How do you test your pool water? Can you post up a full set of test results?

Take care.
 
Thanks.

Prior to coming here I had a simple 2-tube tester that needed 5 drops to test for chlorine, 5 drops for pH. I now have the big Taylor test kit and since I started SLAMming I'm running low on a lot of the agents.

I'll go out and test after this thunderstorm moves through, but I've posted here about my difficulty in ascertaining the CYA. Using the Taylor kit, I can't really tell if it's 60 or 70, and using the strips (which I know are inaccurate) it seems to be in the color range denoted by "30-50". I was SLAMming the pool for two weeks with the assumption that my CYA was 60, and it really didn't clear up until I brought the FC up to 28, the amount corresponding to a CYA of 70. Now whether that's because it was just at the end of its clean-up or because it actually needed to be 28, I don't know.
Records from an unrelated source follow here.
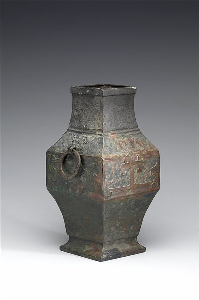 鈁,方口、折肩、方腹、方足微撇,肩作二獸面銜環,一鋪首傷斷、一環落。頸、肩、腹皆飾雲紋。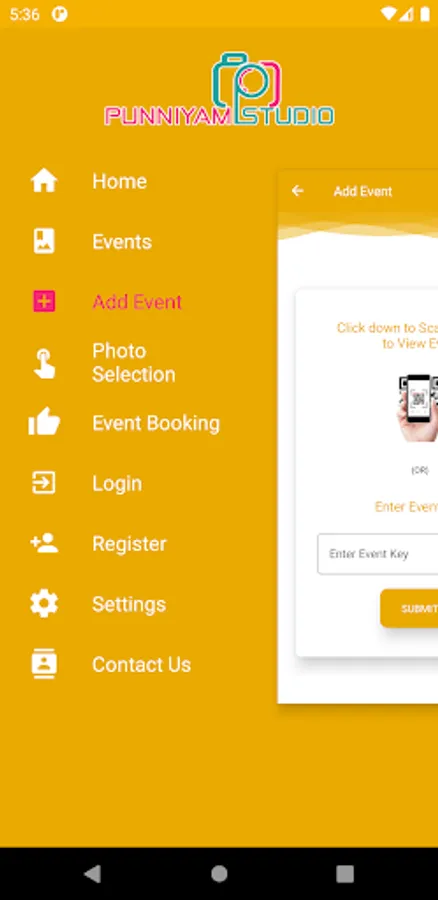 To view an event you need an Event key or Qr code. Event will have all essential information about that Event's Date (Remainder can be set with the help of Google Calendar), Venue (Driving direction info with help of Google Map), Invitation, Albums and Videos.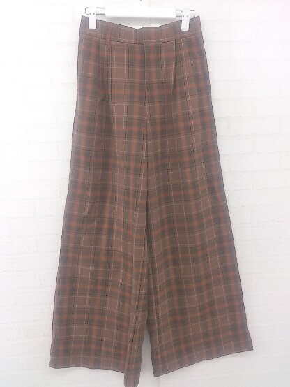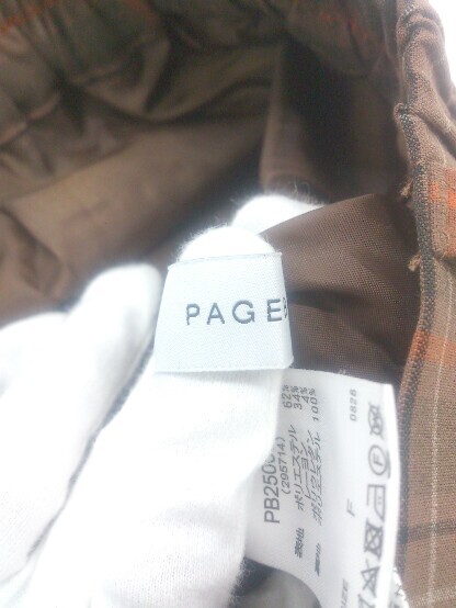 ◇ PAGEBOY ページボーイ タータンチェック タック ワイド パンツ サイズF ブラウン レディース E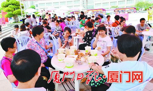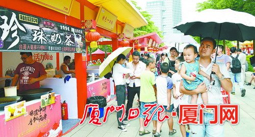 昨天上午10時許,海滄市民文化廣場上,來自兩岸的特色美食香味四溢,紅、黃兩色帳篷下,到處人頭攢動,熱鬧非凡。眾多市民游客聞訊而來,競相品嘗來自臺灣的地道美食。據(jù)介紹,本屆廟會共設(shè)攤位210個,其中170家來自臺灣,覆蓋臺灣21個縣市,規(guī)模之大超越往屆。
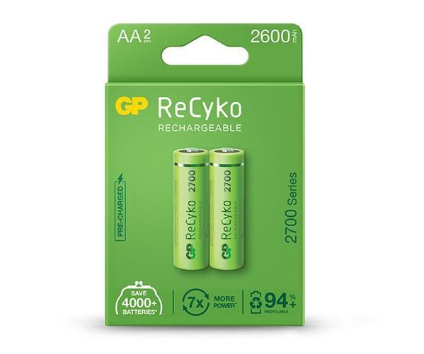 > 10% materiale reciclate (validat cu certificat de validare a revendicarilor de mediu (ECV)). Tip: Ni-Mh Tip: AA (R6) Standard: ReCkyo Tensiune de iesire: 1.2 V Amperaj: 2700 mAh Marca: GP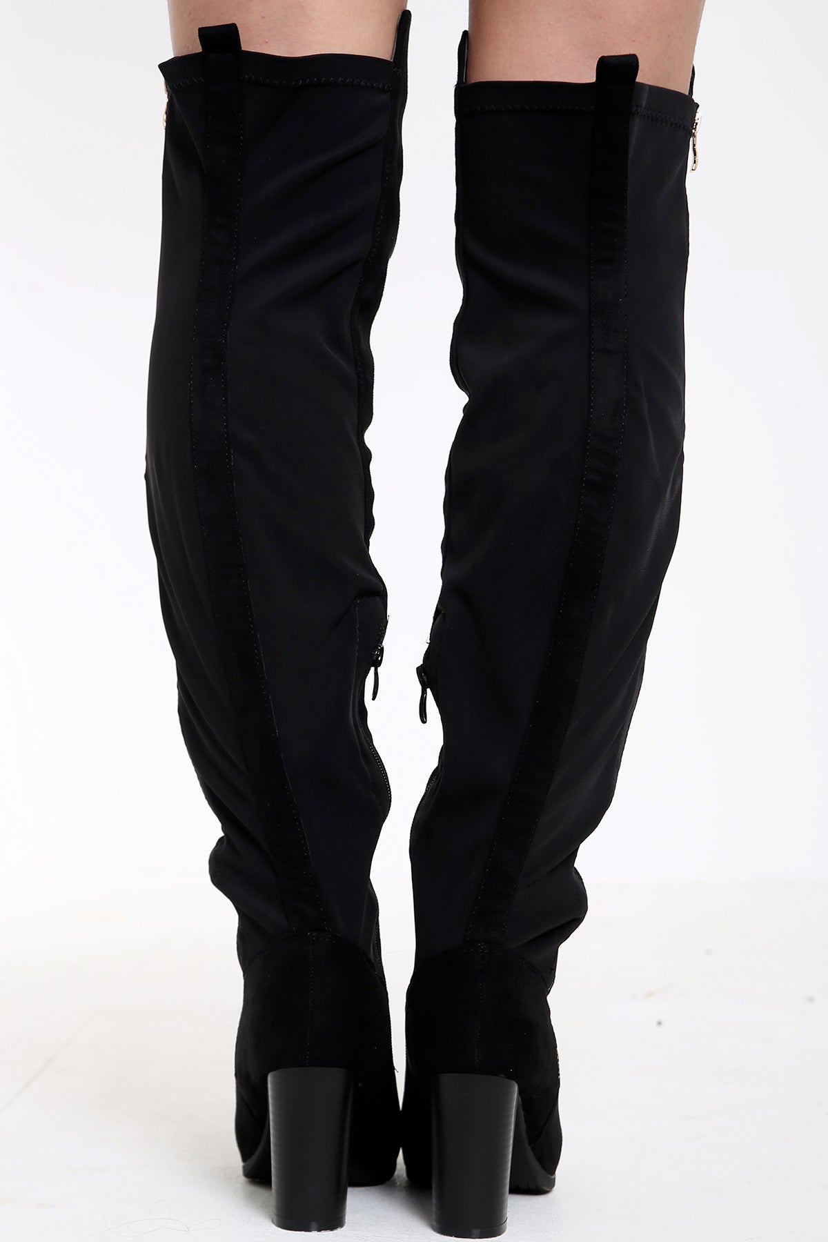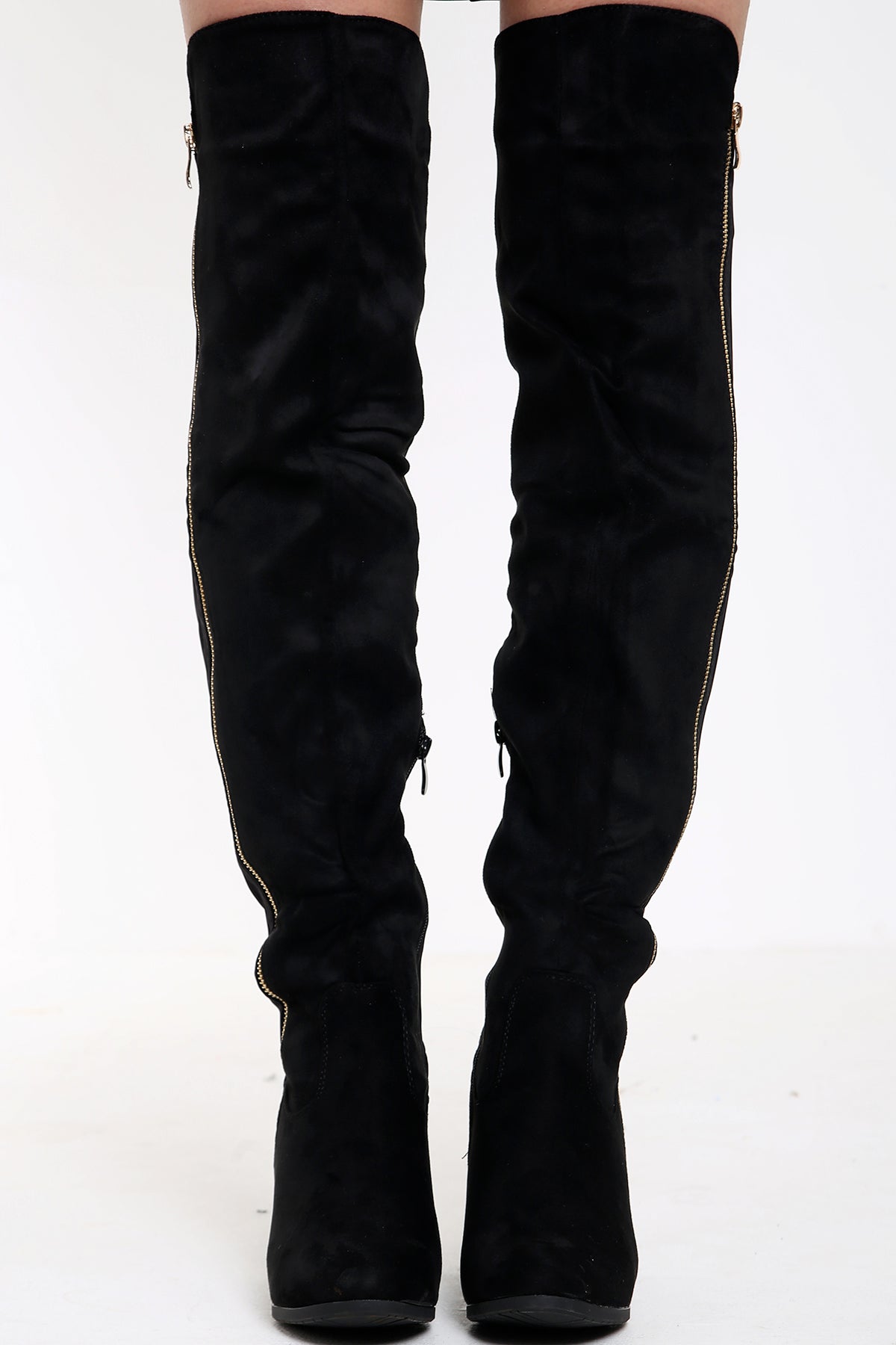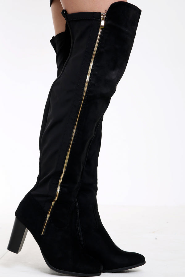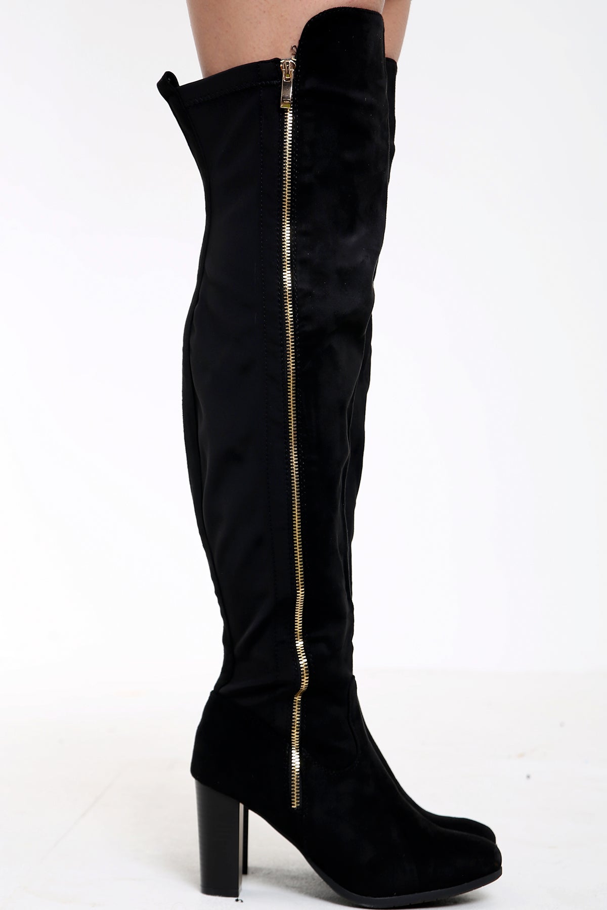 These boots channel some serious 70s vibes with its over the knee style, inner zip, faux suede fabric and its elasticated panel with zip up detail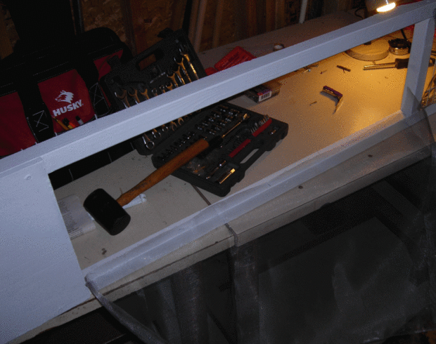 Pantalla de la ventana entonces fue cortado para que coincida con la zona donde se instalarían los estantes de alambre. La pantalla fue con grapas hacia abajo.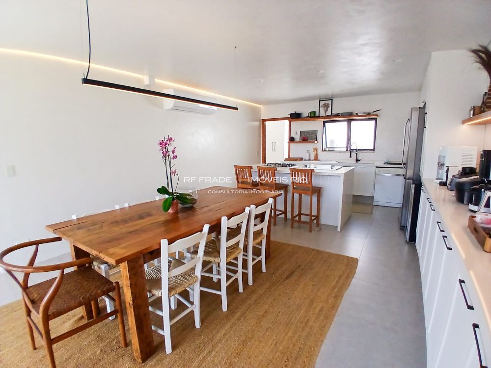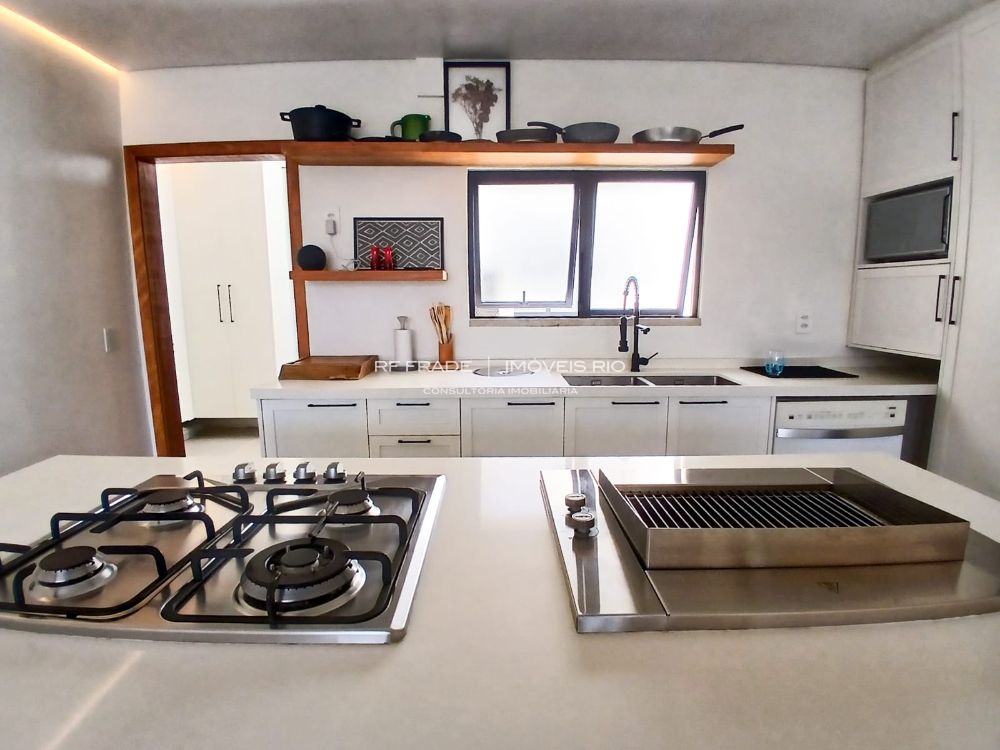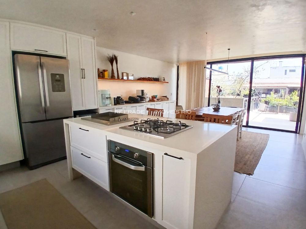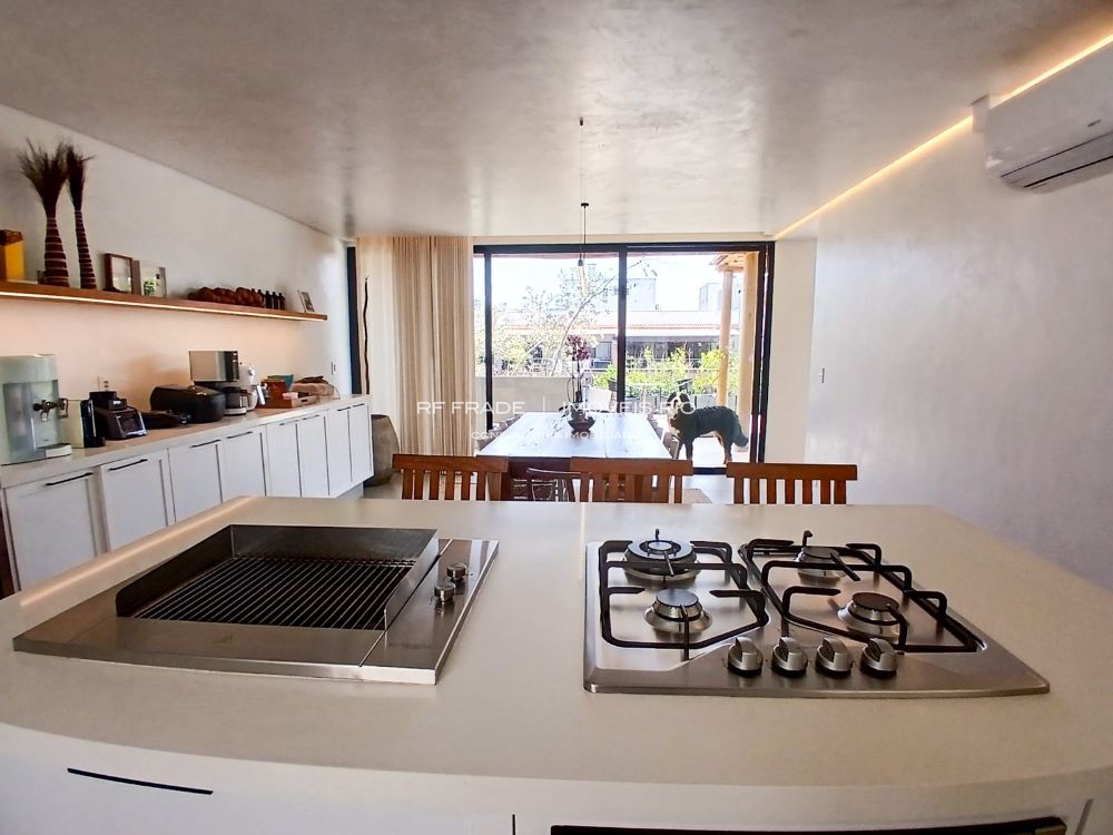 Cozinha planejada com ilha, churrasqueira integrada, três suítes luxuosas (Master com Jacuzzi). Ar split em todos os ambientes.

I really had no idea the tabs raised the CYA but my whole reason for coming here initially is that the water wouldn't hold chlorine. That hadn't happened in all the time I've lived here and if I can avoid the "spiraling" again then it's probably worth going full liquid chlorine. I remember from SLAMming that 1 gallon of bleach raises the FC in a 30,000 gallon pool by 2 ppm, so my rough estimate is that the pool would need between 1 and 2 gallons of bleach a day, or between 0.5 and 1 liquid chlorine. That's a lot of hauling, not to mention like close to $4/day in chlorine.
 
Once you successfully complete the SLAM, your pool will consume 2-4 ppm of FC per day, typically. High bather use, large organic loads, etc can change that.

You will need to add to the pool what is necessary to maintain it sanitary and algae free. Once your CYA hits 50 or so, your only real choices are liquid chlorine or a SWCG.